Meta’s Transfusion model handles text and images in a single architecture

Be part of our each day and weekly newsletters for the newest updates and unique…

August 31, 2024

Nvidia Unveils Next-Generation Rubin AI Platform for 2026

(Bloomberg) -- Nvidia Company Chief Govt Officer Jensen Huang mentioned the corporate plans to improve…

June 3, 2024

AI21’s Jamba Reasoning 3B Redefines What “Small” Means in LLMs — 250K Context on a Laptop

The most recent addition to the small mannequin wave for enterprises comes from AI21 Labs,…

October 8, 2025

DCPI Market poised for rapid growth amid AI surge

The Knowledge Middle Bodily Infrastructure (DCPI) market is ready for strong progress, with a projected…

August 15, 2025

You Might Also Like

Autonomy without accountability: The real AI risk
AI

Autonomy without accountability: The real AI risk

By saad
The future of personal injury law: AI and legal tech in Philadelphia
AI

The future of personal injury law: AI and legal tech in Philadelphia

By saad
How AI code reviews slash incident risk
AI

How AI code reviews slash incident risk

By saad
From cloud to factory – humanoid robots coming to workplaces
AI

From cloud to factory – humanoid robots coming to workplaces

By saad
Data Center News
Facebook Twitter Youtube Instagram Linkedin

About US

Data Center News: Stay informed on the pulse of data centers. Latest updates, tech trends, and industry insights—all in one place.
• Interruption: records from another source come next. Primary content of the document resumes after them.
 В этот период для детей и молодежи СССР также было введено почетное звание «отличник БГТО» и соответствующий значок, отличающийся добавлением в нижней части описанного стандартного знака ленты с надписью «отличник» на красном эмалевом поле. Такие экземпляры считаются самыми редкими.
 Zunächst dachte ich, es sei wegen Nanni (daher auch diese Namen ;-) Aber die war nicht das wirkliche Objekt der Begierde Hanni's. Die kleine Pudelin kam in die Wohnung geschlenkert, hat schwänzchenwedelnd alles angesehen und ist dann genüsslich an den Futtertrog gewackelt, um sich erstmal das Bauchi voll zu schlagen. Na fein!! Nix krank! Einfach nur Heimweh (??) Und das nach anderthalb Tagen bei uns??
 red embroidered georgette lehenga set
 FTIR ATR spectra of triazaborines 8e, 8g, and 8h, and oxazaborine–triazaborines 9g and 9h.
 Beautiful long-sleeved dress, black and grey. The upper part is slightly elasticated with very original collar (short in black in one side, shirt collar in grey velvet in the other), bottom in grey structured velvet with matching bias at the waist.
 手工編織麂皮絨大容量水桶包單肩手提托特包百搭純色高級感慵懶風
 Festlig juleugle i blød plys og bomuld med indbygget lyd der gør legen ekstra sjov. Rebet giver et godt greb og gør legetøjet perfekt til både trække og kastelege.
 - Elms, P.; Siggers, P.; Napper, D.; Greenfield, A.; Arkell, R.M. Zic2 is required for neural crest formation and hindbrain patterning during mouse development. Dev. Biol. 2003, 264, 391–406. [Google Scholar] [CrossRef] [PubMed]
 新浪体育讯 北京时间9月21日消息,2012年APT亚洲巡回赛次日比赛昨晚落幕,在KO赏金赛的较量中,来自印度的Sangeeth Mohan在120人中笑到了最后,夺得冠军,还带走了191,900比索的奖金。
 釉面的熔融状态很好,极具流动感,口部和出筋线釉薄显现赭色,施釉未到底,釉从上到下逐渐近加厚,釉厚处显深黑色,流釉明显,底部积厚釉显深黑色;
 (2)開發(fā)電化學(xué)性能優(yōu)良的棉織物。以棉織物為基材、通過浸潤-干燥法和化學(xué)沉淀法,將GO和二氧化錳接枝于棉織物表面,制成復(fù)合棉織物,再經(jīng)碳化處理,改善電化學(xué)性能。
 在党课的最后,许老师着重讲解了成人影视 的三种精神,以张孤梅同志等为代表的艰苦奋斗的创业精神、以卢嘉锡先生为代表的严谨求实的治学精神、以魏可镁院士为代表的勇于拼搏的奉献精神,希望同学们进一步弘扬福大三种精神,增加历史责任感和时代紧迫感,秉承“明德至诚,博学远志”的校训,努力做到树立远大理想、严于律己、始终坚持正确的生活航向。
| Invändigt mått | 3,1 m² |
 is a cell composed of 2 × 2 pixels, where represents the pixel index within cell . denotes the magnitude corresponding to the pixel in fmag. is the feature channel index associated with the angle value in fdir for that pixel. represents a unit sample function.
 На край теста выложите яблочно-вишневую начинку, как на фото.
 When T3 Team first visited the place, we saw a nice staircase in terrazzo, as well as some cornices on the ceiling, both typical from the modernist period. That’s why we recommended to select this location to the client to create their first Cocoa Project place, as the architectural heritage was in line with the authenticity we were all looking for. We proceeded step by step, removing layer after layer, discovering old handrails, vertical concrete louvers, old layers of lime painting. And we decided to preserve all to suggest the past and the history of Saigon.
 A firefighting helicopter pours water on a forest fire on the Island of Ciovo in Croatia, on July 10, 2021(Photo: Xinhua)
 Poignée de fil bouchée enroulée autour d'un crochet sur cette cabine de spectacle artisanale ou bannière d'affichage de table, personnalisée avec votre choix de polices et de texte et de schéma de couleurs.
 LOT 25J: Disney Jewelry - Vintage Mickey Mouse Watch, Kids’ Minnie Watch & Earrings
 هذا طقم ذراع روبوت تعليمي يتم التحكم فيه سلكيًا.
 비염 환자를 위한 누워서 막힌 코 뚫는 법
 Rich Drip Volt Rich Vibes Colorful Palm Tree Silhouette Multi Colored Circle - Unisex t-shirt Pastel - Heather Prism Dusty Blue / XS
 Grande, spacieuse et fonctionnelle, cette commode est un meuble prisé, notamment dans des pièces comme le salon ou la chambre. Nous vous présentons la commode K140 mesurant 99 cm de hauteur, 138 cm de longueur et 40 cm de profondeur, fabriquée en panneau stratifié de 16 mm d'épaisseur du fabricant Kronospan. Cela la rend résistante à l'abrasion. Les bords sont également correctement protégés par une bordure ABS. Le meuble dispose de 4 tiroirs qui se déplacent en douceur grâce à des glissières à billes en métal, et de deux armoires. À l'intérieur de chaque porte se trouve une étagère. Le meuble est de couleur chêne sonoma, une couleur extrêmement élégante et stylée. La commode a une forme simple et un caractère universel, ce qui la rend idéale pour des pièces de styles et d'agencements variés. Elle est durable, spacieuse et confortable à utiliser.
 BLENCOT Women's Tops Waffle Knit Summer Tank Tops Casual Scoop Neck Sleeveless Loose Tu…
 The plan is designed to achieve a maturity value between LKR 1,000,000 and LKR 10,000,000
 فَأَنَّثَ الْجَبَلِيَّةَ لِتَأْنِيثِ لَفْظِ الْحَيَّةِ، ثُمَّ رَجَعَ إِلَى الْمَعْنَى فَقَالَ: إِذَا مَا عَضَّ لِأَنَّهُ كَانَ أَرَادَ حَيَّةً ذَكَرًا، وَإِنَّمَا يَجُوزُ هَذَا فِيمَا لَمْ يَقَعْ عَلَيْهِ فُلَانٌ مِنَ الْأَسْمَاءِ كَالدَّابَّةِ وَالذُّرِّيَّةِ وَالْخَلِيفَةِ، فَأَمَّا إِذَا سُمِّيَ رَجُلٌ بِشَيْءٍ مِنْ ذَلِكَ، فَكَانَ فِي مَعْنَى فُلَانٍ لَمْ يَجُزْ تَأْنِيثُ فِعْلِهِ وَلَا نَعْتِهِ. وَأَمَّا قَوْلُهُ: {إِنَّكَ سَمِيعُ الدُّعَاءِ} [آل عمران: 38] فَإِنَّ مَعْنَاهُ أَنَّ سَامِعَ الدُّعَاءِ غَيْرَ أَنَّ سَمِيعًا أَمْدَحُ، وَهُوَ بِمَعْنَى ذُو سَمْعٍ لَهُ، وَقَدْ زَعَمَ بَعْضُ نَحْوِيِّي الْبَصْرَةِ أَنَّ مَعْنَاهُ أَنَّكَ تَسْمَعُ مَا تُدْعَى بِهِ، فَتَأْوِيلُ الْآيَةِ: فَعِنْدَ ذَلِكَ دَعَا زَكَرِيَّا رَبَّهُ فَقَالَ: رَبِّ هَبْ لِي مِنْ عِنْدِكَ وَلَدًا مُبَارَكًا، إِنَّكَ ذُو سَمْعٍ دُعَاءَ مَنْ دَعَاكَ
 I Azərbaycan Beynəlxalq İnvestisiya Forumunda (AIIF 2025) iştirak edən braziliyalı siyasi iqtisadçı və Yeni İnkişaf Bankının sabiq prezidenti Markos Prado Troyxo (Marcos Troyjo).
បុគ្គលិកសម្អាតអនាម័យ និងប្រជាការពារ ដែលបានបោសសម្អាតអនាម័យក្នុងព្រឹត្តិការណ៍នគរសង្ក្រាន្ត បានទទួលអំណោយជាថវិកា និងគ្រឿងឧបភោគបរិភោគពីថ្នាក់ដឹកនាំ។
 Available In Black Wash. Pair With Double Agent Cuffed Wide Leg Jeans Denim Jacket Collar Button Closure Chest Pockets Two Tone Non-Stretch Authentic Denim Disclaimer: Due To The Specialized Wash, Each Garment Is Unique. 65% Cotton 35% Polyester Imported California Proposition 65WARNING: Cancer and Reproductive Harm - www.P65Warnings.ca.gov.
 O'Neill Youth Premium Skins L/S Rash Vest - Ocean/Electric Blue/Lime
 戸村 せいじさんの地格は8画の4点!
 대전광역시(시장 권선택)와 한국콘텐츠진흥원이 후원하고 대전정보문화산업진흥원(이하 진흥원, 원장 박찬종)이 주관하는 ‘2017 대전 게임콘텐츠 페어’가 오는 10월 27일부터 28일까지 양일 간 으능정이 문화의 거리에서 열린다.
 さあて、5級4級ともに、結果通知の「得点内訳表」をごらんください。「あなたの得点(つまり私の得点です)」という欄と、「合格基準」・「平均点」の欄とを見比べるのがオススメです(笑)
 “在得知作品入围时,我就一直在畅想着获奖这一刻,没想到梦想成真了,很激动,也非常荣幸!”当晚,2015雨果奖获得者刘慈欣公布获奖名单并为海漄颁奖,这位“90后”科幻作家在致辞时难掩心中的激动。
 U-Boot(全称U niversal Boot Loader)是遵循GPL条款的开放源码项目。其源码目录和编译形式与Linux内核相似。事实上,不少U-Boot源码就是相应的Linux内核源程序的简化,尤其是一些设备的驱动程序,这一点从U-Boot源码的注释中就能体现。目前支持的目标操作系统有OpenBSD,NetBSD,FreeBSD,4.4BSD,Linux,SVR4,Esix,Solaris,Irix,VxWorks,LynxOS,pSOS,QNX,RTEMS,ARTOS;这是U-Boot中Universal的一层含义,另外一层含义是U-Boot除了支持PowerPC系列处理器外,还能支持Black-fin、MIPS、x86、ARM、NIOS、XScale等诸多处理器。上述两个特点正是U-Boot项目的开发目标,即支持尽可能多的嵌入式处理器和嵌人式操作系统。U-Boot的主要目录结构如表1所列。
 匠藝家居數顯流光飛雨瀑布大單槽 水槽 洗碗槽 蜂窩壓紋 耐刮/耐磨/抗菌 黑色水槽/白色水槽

Elevate your data infrastructure knowledge.

Top Categories
  • Global Market
  • Infrastructure
  • Innovations
  • Investments
Usefull Links
  • Home
  • Contact
  • Privacy Policy
  • Terms & Conditions

© 2024 – datacenternews.tech – All rights reserved

Welcome Back!

Sign in to your account

Lost your password?
We use cookies to ensure that we give you the best experience on our website. If you continue to use this site we will assume that you are happy with it.
You can revoke your consent any time using the Revoke consent button.